Lecciones extraíbles del accidente de José Antonio Reyes

«Las imprudencias se pagan»

Estos días es noticia que un vehículo se ha salido de la vía por exceso de velocidad, resultando herido grave un varón y otros dos fallecidos. No era cualquier coche, un Mercedes Clase S preparado por Brabus (W221), y tampoco era cualquiera el conductor, sino el futbolista José Antonio Reyes. Precisamente por esto último el minutaje en las televisiones y la cantidad de tinta electrónica y normal empleada en comentarlo ha sido mayor de la habitual en este tipo de informaciones.

Vaya por delante el pésame para los familiares y amigos del futbolista, de su primo Jonathan Reyes -que también falleció-, y ánimo para que el tercer ocupante, Juan Manuel Calderón, muy grave, para que sane de sus heridas. Los comentarios en lo futbolístico de José Antonio Reyes exceden el ámbito de esta publicación y los daré por sabidos. A partir de aquí, me ceñiré a los hechos.
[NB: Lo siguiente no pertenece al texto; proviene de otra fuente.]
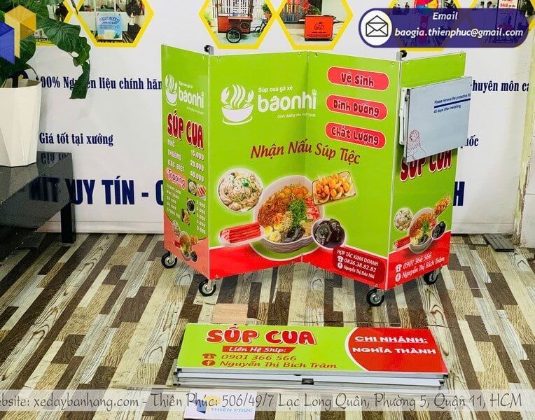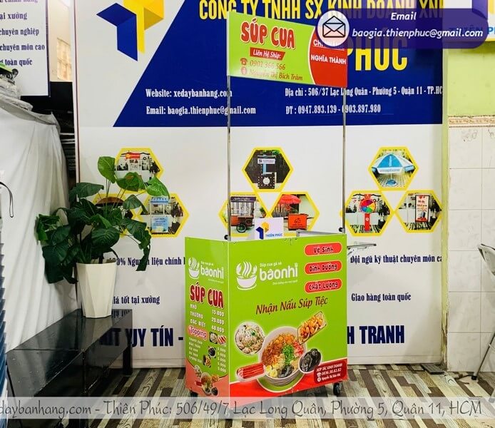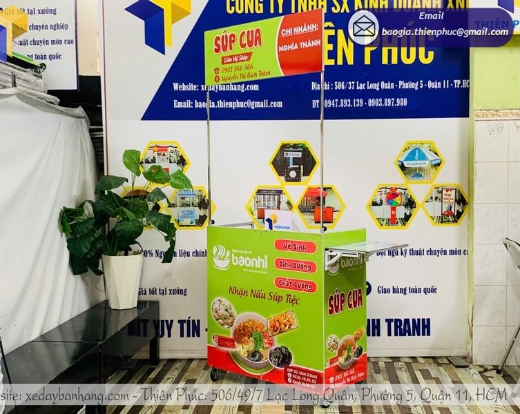 - Tối ưu không gian: xe được thiết kế gọn gàng, có ngăn chứa đồ, kệ bày sản phẩm khoa học, giúp bán hàng nhanh chóng và chuyên nghiệp.
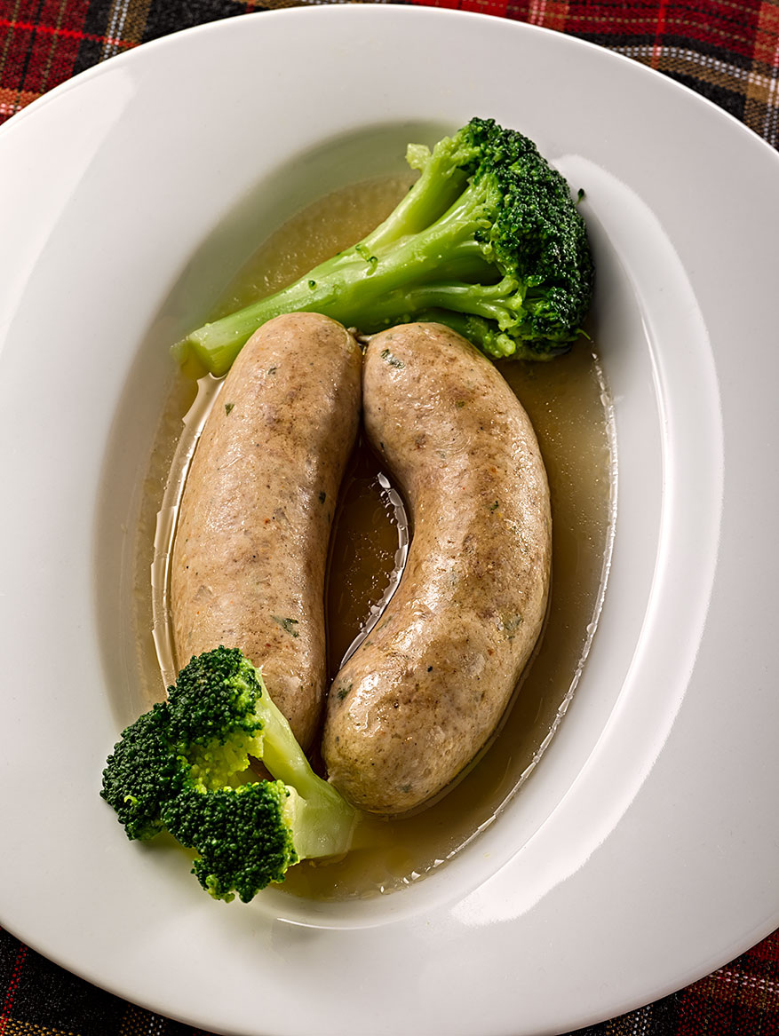 Для достижения наилучшего результата сосиски помещаются в вакуумный пакет вместе с кубиками льда, а затем в специальный термостат, где они прогреваются до 70°C в течение 40-45 минут. В результате получается прозрачный бульон, который дополнительно подчеркивает вкус сосисок.
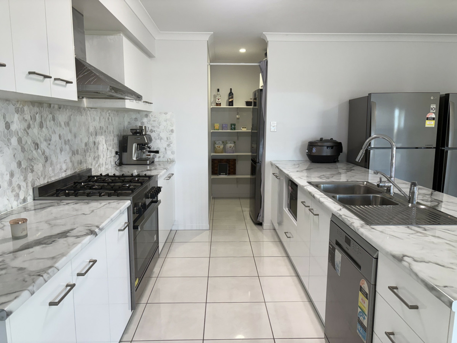 - Gourmet kitchen with 5-burner gas cooktop, quality appliances, island bench, and walk-in pantry
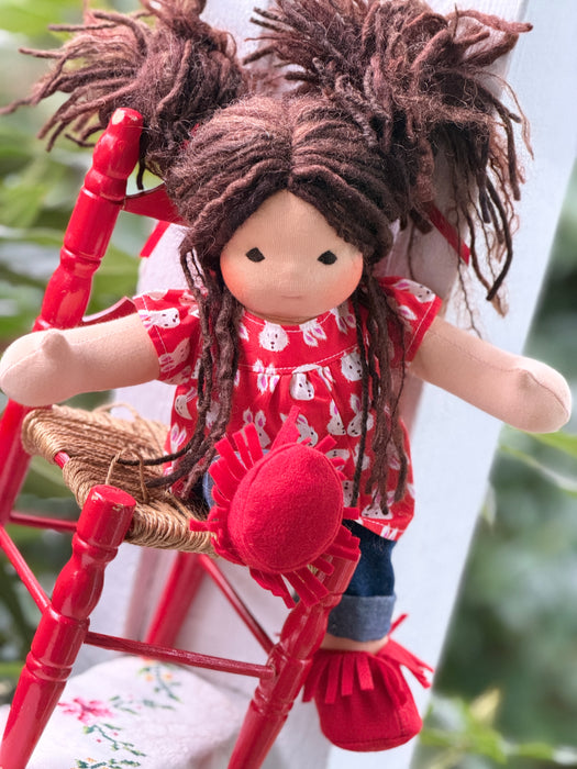 Meet Akia, a sweet heirloom Cuddle Doll with sunkissed cotton skin, a soft embroidered face, and hand-dyed wool and mohair yarn hair. She arrives in her pictured outfit, underpants, and felt wool shoes, ready for play and snuggles.
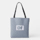 Este tote de moda, de rayas azules y blancas, ofrece un aspecto atemporal y de moda. Añade tus iniciales para hacerlo único tuyo. Ya sea que estés en el centro comercial, en el supermercado o en un día de descanso, este tote es el accesorio perfecto para completar tu ropa y mantener tus necesidades básicas en un solo lugar. ¡Haga hoy mismo su declaración y pida un pedido!
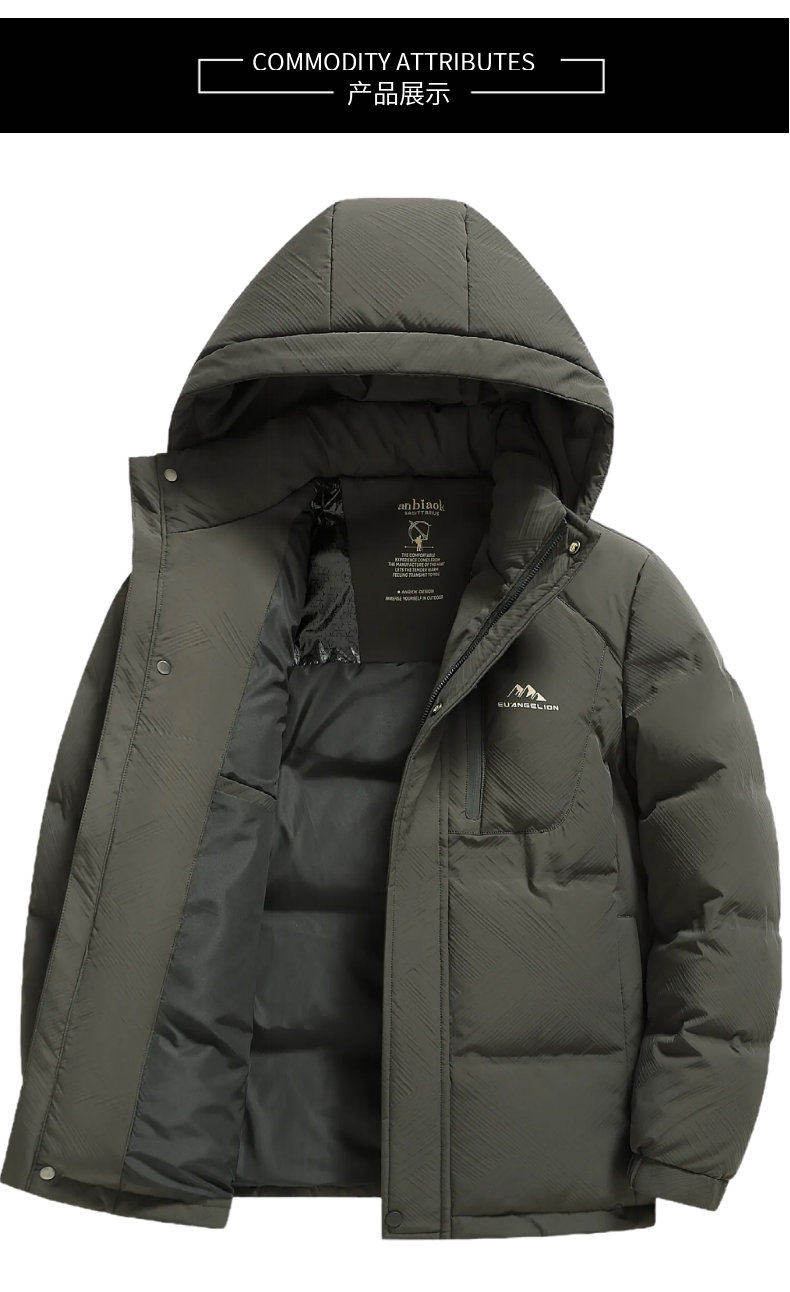 Woodpecker 2025 winter new men's thickened down jacket hooded high-fill velvet Northeast warm middle-aged dad jacket

Reyes, primo y acompañante venían de Almendralejo (Badajoz) después de un entrenamiento. Tenían por delante casi 195 kilómetros y tenían «un poco de prisa». Era sábado casi a mediodía

El atestado de la Guardia Civil, todavía provisional, habla de una velocidad en torno a 237 km/h, un toque contra un guardarraíl en la A-376 pk. 18 (de Sevilla a Utrera), pérdida de control, salida de vía y explosión e incendio del coche a 200 metros de la calzada. Lo poco que quedó del coche es prácticamente irreconocible, y ya es en sí un milagro que haya sobrevivido alguien a un impacto de semejante violencia. Las fotos son muy fáciles de encontrar, ni tengo los derechos para reproducirlas ni me parecen plato de buen gusto.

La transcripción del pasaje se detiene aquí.